- Raw data -

====================

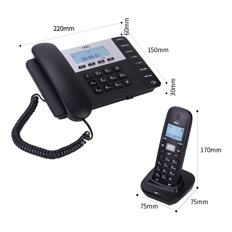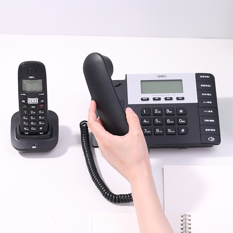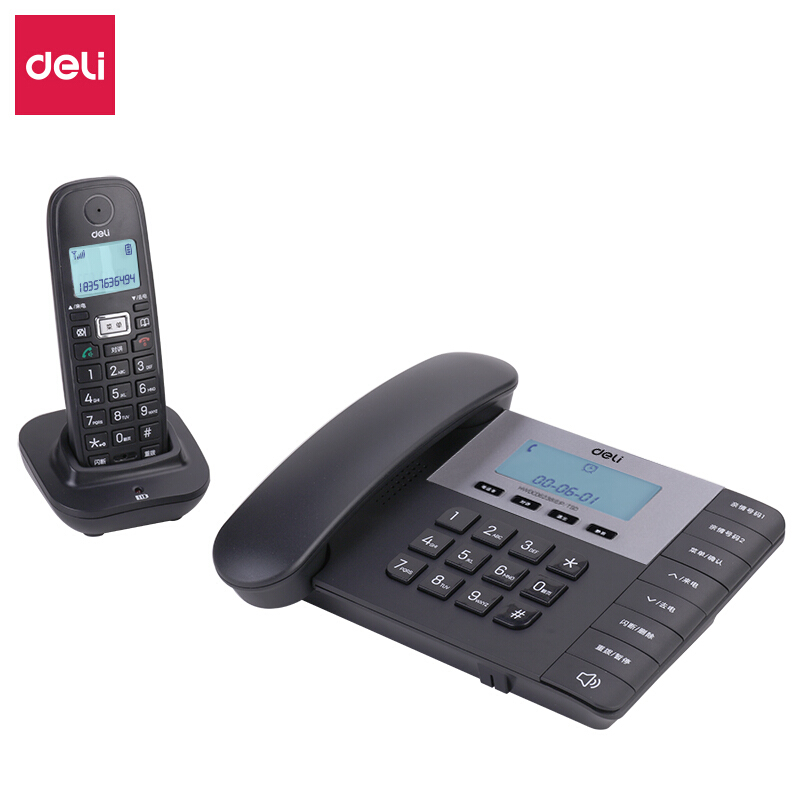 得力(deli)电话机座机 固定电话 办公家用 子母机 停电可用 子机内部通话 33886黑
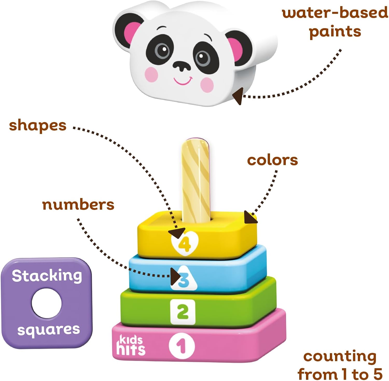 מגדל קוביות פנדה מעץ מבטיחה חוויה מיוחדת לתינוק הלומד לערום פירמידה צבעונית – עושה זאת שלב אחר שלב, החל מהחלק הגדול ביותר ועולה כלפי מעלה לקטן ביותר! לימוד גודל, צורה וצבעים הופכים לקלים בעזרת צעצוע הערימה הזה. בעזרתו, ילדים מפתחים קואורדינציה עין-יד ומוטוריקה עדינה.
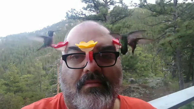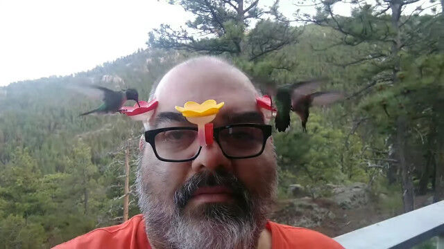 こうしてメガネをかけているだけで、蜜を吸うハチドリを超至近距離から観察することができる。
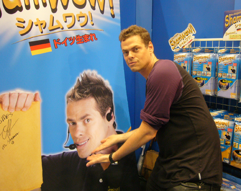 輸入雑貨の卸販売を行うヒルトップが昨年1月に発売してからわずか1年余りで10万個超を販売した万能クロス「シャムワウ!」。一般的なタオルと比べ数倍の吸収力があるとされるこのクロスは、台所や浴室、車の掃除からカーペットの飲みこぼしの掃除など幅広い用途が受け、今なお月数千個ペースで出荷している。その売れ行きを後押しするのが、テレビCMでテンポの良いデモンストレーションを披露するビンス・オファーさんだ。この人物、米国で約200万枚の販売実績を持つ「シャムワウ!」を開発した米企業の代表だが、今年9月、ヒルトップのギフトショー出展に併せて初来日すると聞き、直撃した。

====================

- Task statement -
The answer must be an exact copy of the lines from the one that holds "מגדל קוביות פנדה" through the end of the data, both included, with no pictures.

- Solution to this problem -
 מגדל קוביות פנדה מעץ מבטיחה חוויה מיוחדת לתינוק הלומד לערום פירמידה צבעונית – עושה זאת שלב אחר שלב, החל מהחלק הגדול ביותר ועולה כלפי מעלה לקטן ביותר! לימוד גודל, צורה וצבעים הופכים לקלים בעזרת צעצוע הערימה הזה. בעזרתו, ילדים מפתחים קואורדינציה עין-יד ומוטוריקה עדינה.
 こうしてメガネをかけているだけで、蜜を吸うハチドリを超至近距離から観察することができる。
 輸入雑貨の卸販売を行うヒルトップが昨年1月に発売してからわずか1年余りで10万個超を販売した万能クロス「シャムワウ!」。一般的なタオルと比べ数倍の吸収力があるとされるこのクロスは、台所や浴室、車の掃除からカーペットの飲みこぼしの掃除など幅広い用途が受け、今なお月数千個ペースで出荷している。その売れ行きを後押しするのが、テレビCMでテンポの良いデモンストレーションを披露するビンス・オファーさんだ。この人物、米国で約200万枚の販売実績を持つ「シャムワウ!」を開発した米企業の代表だが、今年9月、ヒルトップのギフトショー出展に併せて初来日すると聞き、直撃した。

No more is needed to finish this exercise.